RECORDS FOR THE TASK |
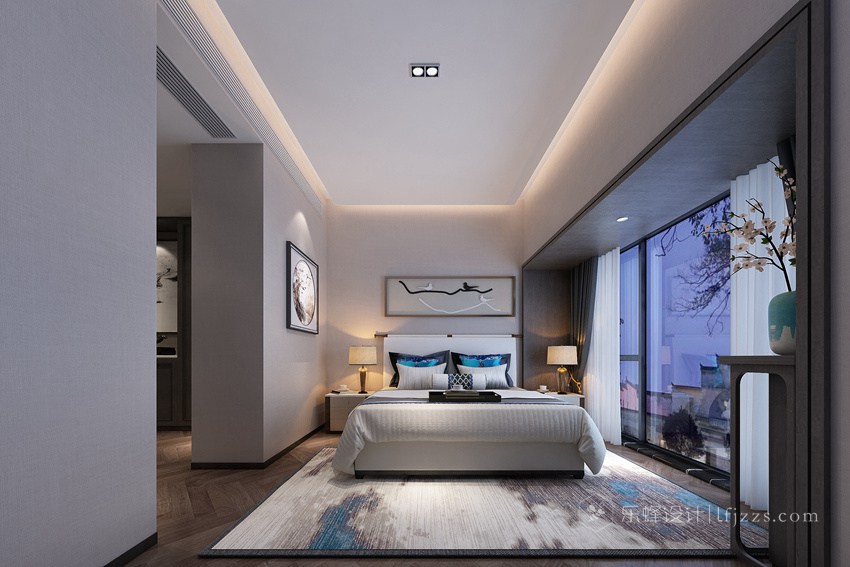 過道頂面L形反燈槽的設計,像是進入臥室的指引。跟隨燈光來到主臥,即可見到這個用舒適與溫馨打造出的睡眠區。全景落地窗將窗外美景一攬入懷,讓這波瀾壯闊臣服于主人麾下。能在此處安度余生,美哉美哉!
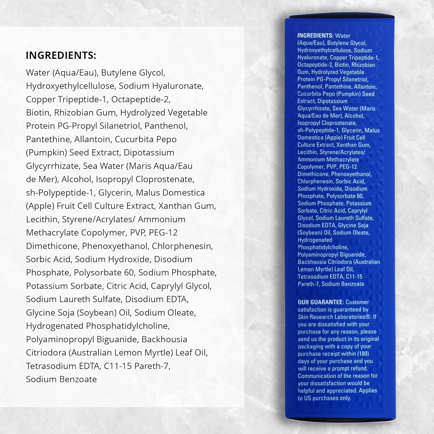 Water (Aqua/Eau), Butylene Glycol, Hydroxyethylcellulose, Sodium Hyaluronate, Copper Tripeptide-1, Octapeptide-2, Biotin, Rhizobian Gum,Hydrolyzed Vegetable Protein PG-Propyl Silanetriol, Panthenol, Pantethine, Allantoin, Cucurbita Pepo (Pumpkin) Seed Extract, Dipotassium Glycyrrhizate, Sea Water (Maris Aqua/Eau de Mer), Alcohol, lsopropyl Cloprostenate, sh-Polypeptide-1, Glycerin, Malus Domestica (Apple) Fruit Cell Culture Extract, Xanthan Gum, Lecithin, Styrene/Acrylates/Ammonium Methacrylate Copolymer, PVP, PEG-12 Dimethicone, Phenoxyethanol, Chlorphenesin, Sorbic Acid, Sodium Hydroxide, Disodium Phosphate, Polysorbate 60, Sodium Phosphate, Potassium Sorbate, Citric Acid, Caprylyl Glycol, Sodium Laureth Sulfate, Disodium EDTA, Glycine Soja (Soybean) Oil, Sodium Oleate, Hydrogenated Phosphatidylcholine, Polyaminopropyl Biguanide, Backhousia Citriodora (Australian Lemon Myrtle) Leaf Oil, Tetrasodium EDTA, C11-15 Pareth-7, Sodium Benzoate
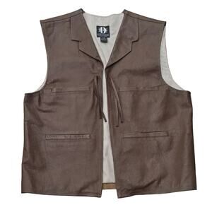 Bradford Exchange John Wayne The Duke Inspired Brown Leather Vest. Excellent preowned condition, the back has a faint mark as shown.
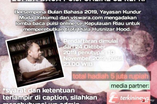 Riau, -- Yayasan Kundur Muda (YAKUMU) bekerjasama dengan Viswara.com menggelar Lomba Video Baca Puisi se-Kepulauan Riau memperebutkan piala milad Husnizar Hood . Event ini juga bersempena menyemarakkan perayaan budaya literasi bulan bahasa.
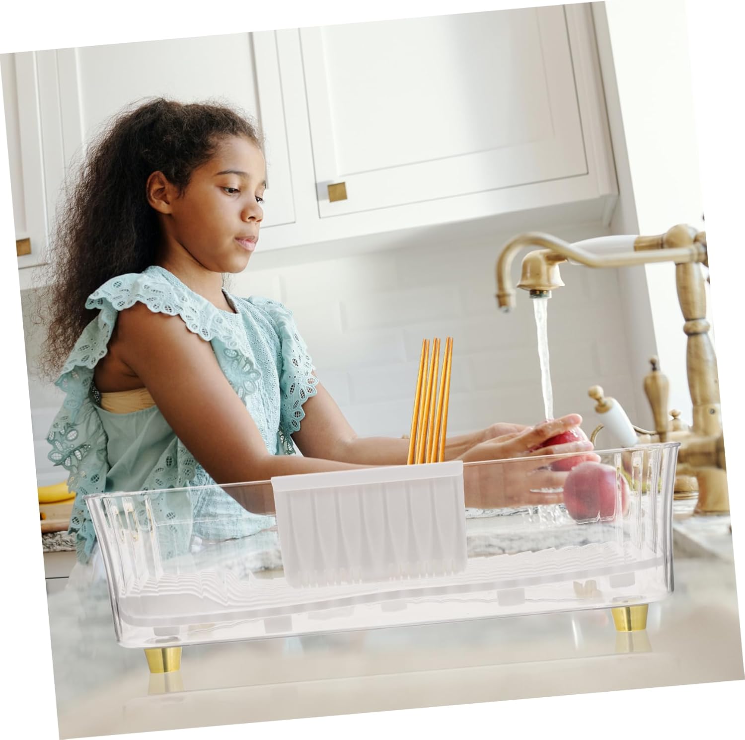Package Include 1 x dish drying rack Characteristics -Material:PET, PP tableware draining holder - Color: Transparent vegetable drainer - Size: 42.50X26.50X13.00cm/16.70X10.41X5.11in dish rack -Fashionable design and modern finishes add a stylish feel to your kitchen. Not only can dry bowls, cups and plates, but also ideal for drying fruits and vegetables dish chopsticks rack. -The drying storage basket can hold dishware for easy access and keep them dry and tidy always countertop dish drain holder. -Leave more room in cluttered countertop to keep the kitchen looking organized and tidy dish drying rack. -Humanized design, avoid scratches, protecting your safety. Dish drying rack is very practical and helpful kitchen storage rack. -Excellent workmanship and fine details its popularity and durability, which is easy to use kitchen plate organizer rack.Goods Descriptionfruit drainer You can drain of dishes at once and the dish rack itself does not take up much space next to the sink.convenient dish rack The anti-slip feet will protect your sink surfaces whilst providing stable storage and air flow under your glasses, cups, bowls, small pots, and pans
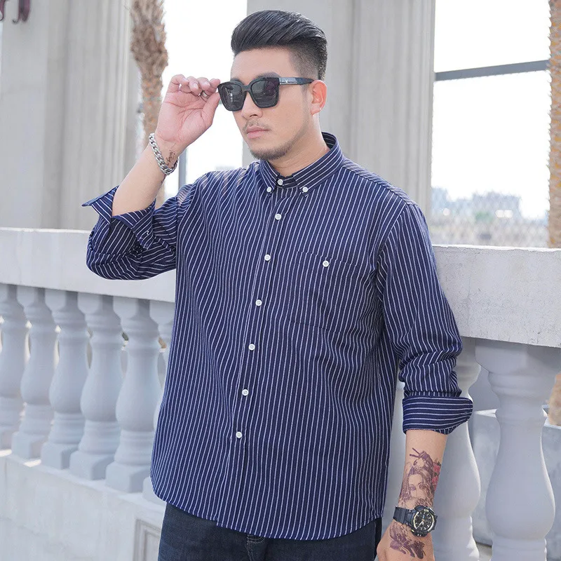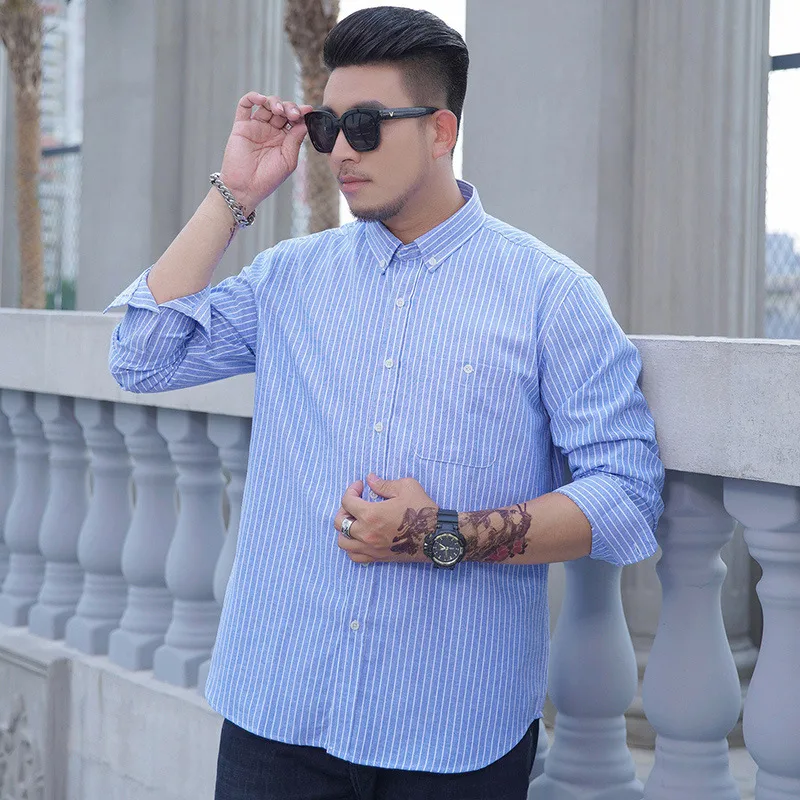 Autumn New Plus Size Men's Long Sleeve Shirt Business Casual Oxford Striped Shirt Men's Plus Large Top
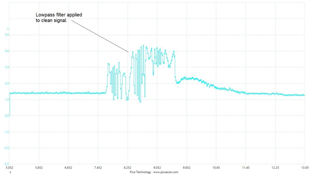 This image shows the same engine MAF signal, with a new good quality sensor fitted to it.
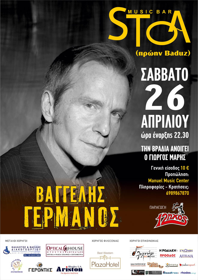 Ο Βαγγέλης Γερμανός το Σάββατο 26 Απριλίου για μια μοναδική εμφάνιση στη Ρόδο
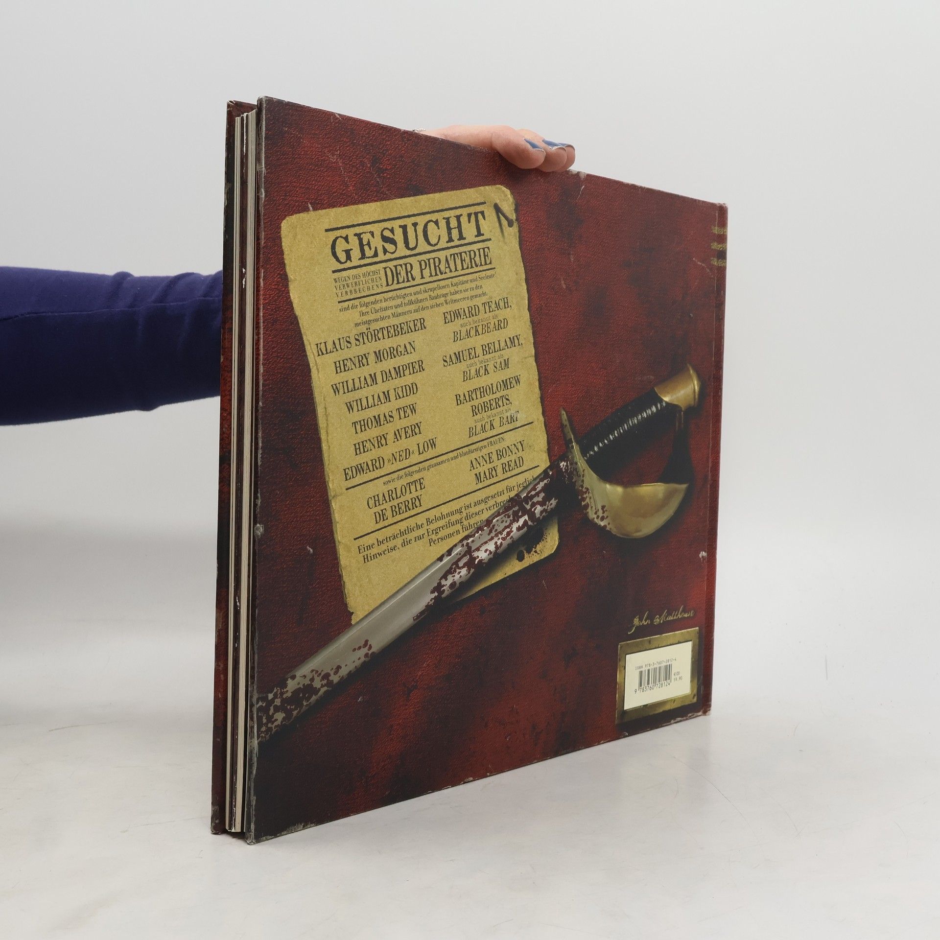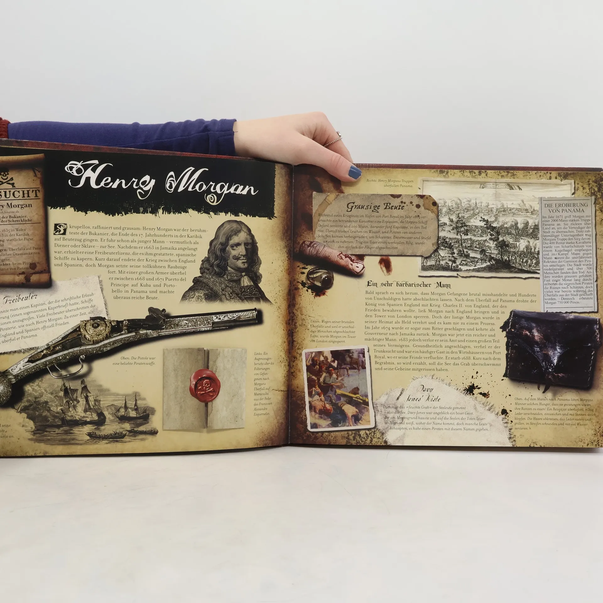 Tollkühne Raubzüge und skrupellose Verbrechen haben sie zu den meistgesuchten Personen der sieben Weltmeere gemacht: Von Klaus Störtebeker bis Black Bart Roberts beschwört dieses Buch die Abenteuer berühmt-berüchtigter Piraten (und Piratinnen) herauf. Alte Dokumente belegen, wie hart das Leben an Bord eines Piratenschiffes war – aber auch wie lukrativ! Schon der Umschlag des Buches verheißt mit einem grünen Juwelenauge und einem glitzernden Goldzahn eine »reiche Beute« …
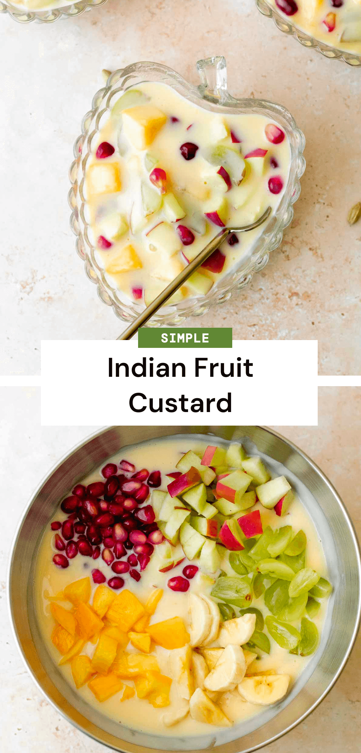 Indian fruit custard is a fusion between English custard, Indian spice, and nature’s candies – fruits! It combines a creamy, vanilla and cardamom-flavoured custard base with a variety of chopped fruits like bananas, mangoes, apples, grapes, and pomegranates.
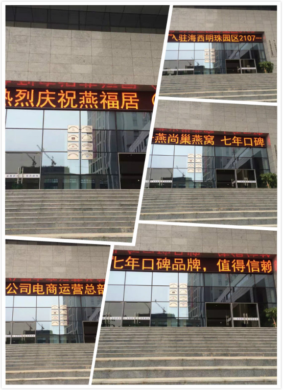 剛到地方就看到商務(wù)園區(qū)里L(fēng)ED牌流動(dòng)著燕尚巢醒目的字眼:“熱烈慶祝燕福居(廈門)商貿(mào)有限公司商務(wù)運(yùn)營(yíng)總部入駐海西明珠園區(qū)2107--燕尚巢燕窩,七年口碑值得信賴”瞬間感覺(jué)高大上。
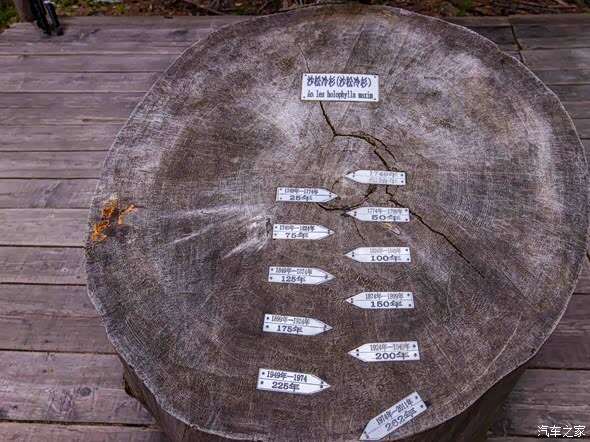 有钟造型设计的木头指示牌吸引了不少游客的视线,踏过这里就是真的出发啦。这里的树木已有些年头了,因为有些年头,这里有些树木已经失去了原有的风貌,倒了下去,虽说杂乱无章的树根在眼前呈现着,但是也十分的吸人眼球。被锯掉的沙松冷杉,已经有262个年头,风貌依旧的不变,还是如此的吸引人目光,不由的感叹大自然生命力的顽强。

EXERCISE |
Copy nothing but the lines above that run from the one with "Autumn New Plus" to the one with "Ο Βαγγέλης Γερμανός", ends included; pictures stay out.

ANSWER FOR THE TASK |
 Autumn New Plus Size Men's Long Sleeve Shirt Business Casual Oxford Striped Shirt Men's Plus Large Top
 This image shows the same engine MAF signal, with a new good quality sensor fitted to it.
 Ο Βαγγέλης Γερμανός το Σάββατο 26 Απριλίου για μια μοναδική εμφάνιση στη Ρόδο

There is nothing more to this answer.